The 48-year-old worked for the international department of China’s state broadcaster CCTV and was held under murky espionage charges since August 2020. Mr Albanese suggested that she had recently been sentenced after she was convicted in a closed-court trial last year on national security charges.
China’s state security ministry said on Wednesday that it deported the Australian journalist after she served a full sentence.
Her return comes ahead of Mr Albanese’s planned visit to Beijing this year on a date yet to be announced. His government has been lobbying extensively for the release of Ms Cheng and another Chinese-Australian held in China since 2019, Yang Hengjun.
Ms Cheng was detained at a time when the bilateral ties between Australia and China were severely strained over human rights, trade disputes and responses to the Covid pandemic.
But relations between the countries have improved since Mr Albanese’s centre-left Labour Party was elected after nine years of conservative rule. Beijing has lifted several official and unofficial trade barriers on Australian exports.
“Her return brings an end to a very difficult few years for Ms Cheng and her family,” Mr Albanese said, adding that the authorities have raised concerns about the rights of Mr Yang as well.
“Her matter was concluded through the legal processes in China,” Mr Albanese said. “We continue to advocate for Dr Yang’s interests, rights and wellbeing with Chinese authorities at all levels.”
Mr Yang, a 58-year-old writer and democracy blogger, told his family in August he fears he will die in a Beijing detention centre after being diagnosed with a kidney cyst, prompting supporters to demand his release for medical treatment. Yang has been detained in China since January 2019, when he arrived in Guangzhou from New York with his wife and teenage stepdaughter. He received a closed-door trial on an espionage charge in Beijing in May 2021 and is still awaiting a verdict.

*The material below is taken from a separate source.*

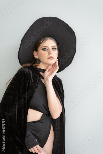 Portrait of young sexy woman in black witch hat, bodysuit and cloak. Dark makeup. White background. Halloween party, sexy witch
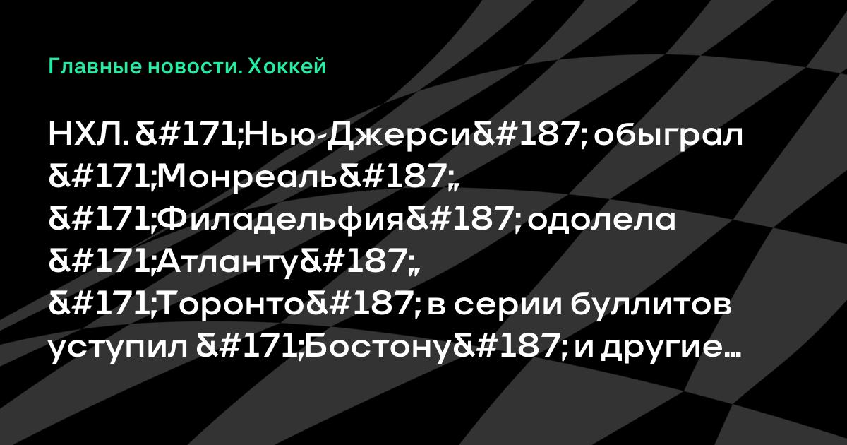 НХЛ. «Нью-Джерси» обыграл «Монреаль», «Филадельфия» одолела «Атланту», «Торонто» в серии буллитов уступил «Бостону» и другие результаты

“We sat next to each other at the G20 at a formal dinner as well. It was an opportunity in a less formal way to be able to have discussions and dialogue,” he said. “Dialogue is always a good idea. Even with people who you have disagreements with.”
Mr Albanese also requested the media to “respect” Ms Cheng’s privacy and that of her family “as she adjusts to what has obviously been a very difficult and traumatic period for her in her life.”
Earlier in a letter to the Australian public, on the three-year anniversary of her detention, she shared the detention conditions including being able to stand in the sunlight for just 10 hours a year.
“I relive every bushwalk, river, lake, beach with swims and picnics and psychedelic sunsets, sky that is lit up with stars, and the silent and secret symphony of the bush,” Ms Cheng said, in the letter shared by her partner, Nick Coyle.
She hasn’t seen a tree since she was detained, she wrote, and she misses the sun.
“In my cell, the sunlight shines through the window but I can stand in it for only 10 hours a year.”